Ils ont trouvé les causes de l'échec scolaire : les notes !

22 Novembre 2010 , Rédigé par José Pressoir Publié dans #Information

Ils ont trouvé les causes de l'échec scolaire : les notes !

Eric Conan - Marianne |


Idéologues jusqu'au boutistes, les enragés du pédagogisme veulent désormais supprimer la notation à l'école primaire. Mais loin de servir ceux qu'elle prétend aider, cette réforme favoriserait avant tout les enfants des classes aisées.



On le sait, il n’y a rien de plus puissant et aveugle que l’idéologie, machine imaginaire à oublier et violenter la réalité.

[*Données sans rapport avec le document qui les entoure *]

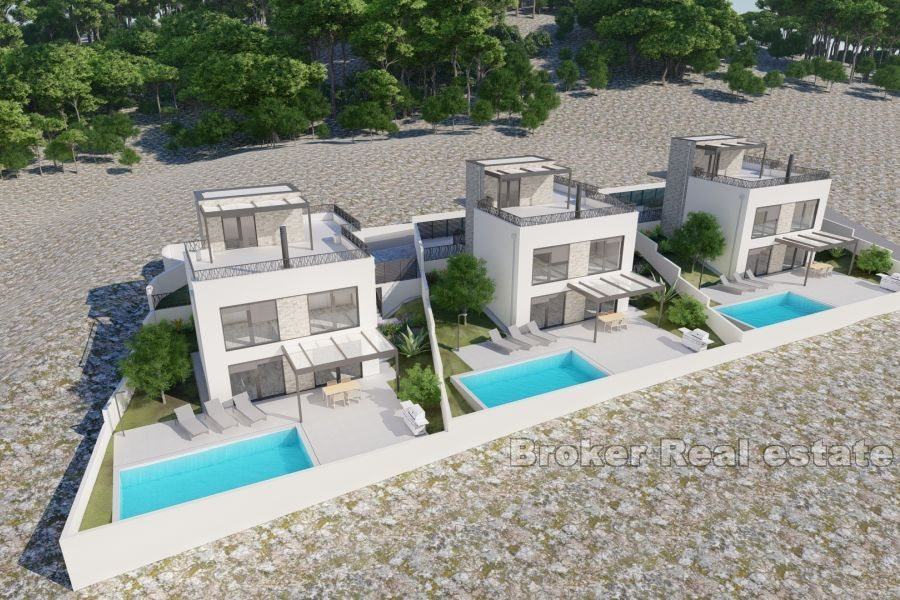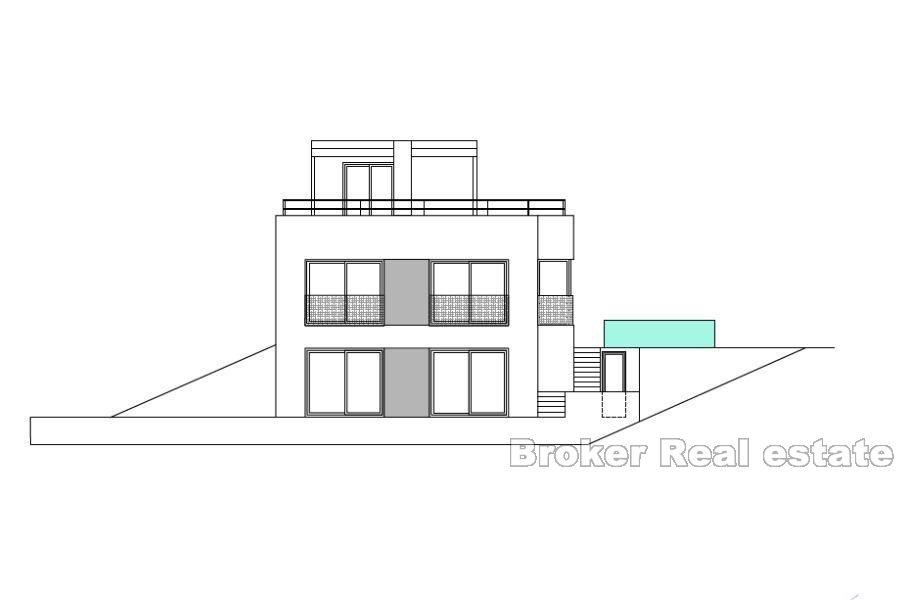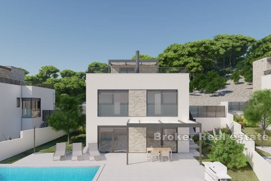 Nekretnina se nalazi na zemljištu veličine 407 m2 sa privatnim pristupnim putem i pristupom cijeloj infrastrukturi. Stambena površina nekretnine je 190 m2 te se sa svake etaže pruža otvoreni panoramski pogled prema moru i okolini. Zemljište se sastoji od parkinga, bazena, terase i uređenog okoliša. Kuća se proteže na dvije etaže, prizemlje i kat s izlazom na krovnu terasu. Na prizemlju se nalaze kuhinja i blagovaonica, dnevna soba te zajednički toalet. Unutarnje stepenište vodi do gornje etaže gdje se nalaze tri prostrane spavaće sobe, svaka sa svojom kupaonicom.

La passion idéologique ne connaît que la marche avant. Il fut un temps où les communistes les plus forcenés expliquaient qu’il fallait encore plus de communisme pour dépasser les échecs du communisme. Ils l’ont répété jusqu’à la chute finale. Dans d’autres domaines, les néo-libéraux nous disent qu’il faut remédier aux dégâts du capitalisme financier et de la mondialisation sauvage par encore plus de dérégulation. Et les européistes les plus aveugles répètent de même que les impasses d’une construction européenne conçue dans le dos des peuples seront dépassées par un peu plus de technocratie sans débat.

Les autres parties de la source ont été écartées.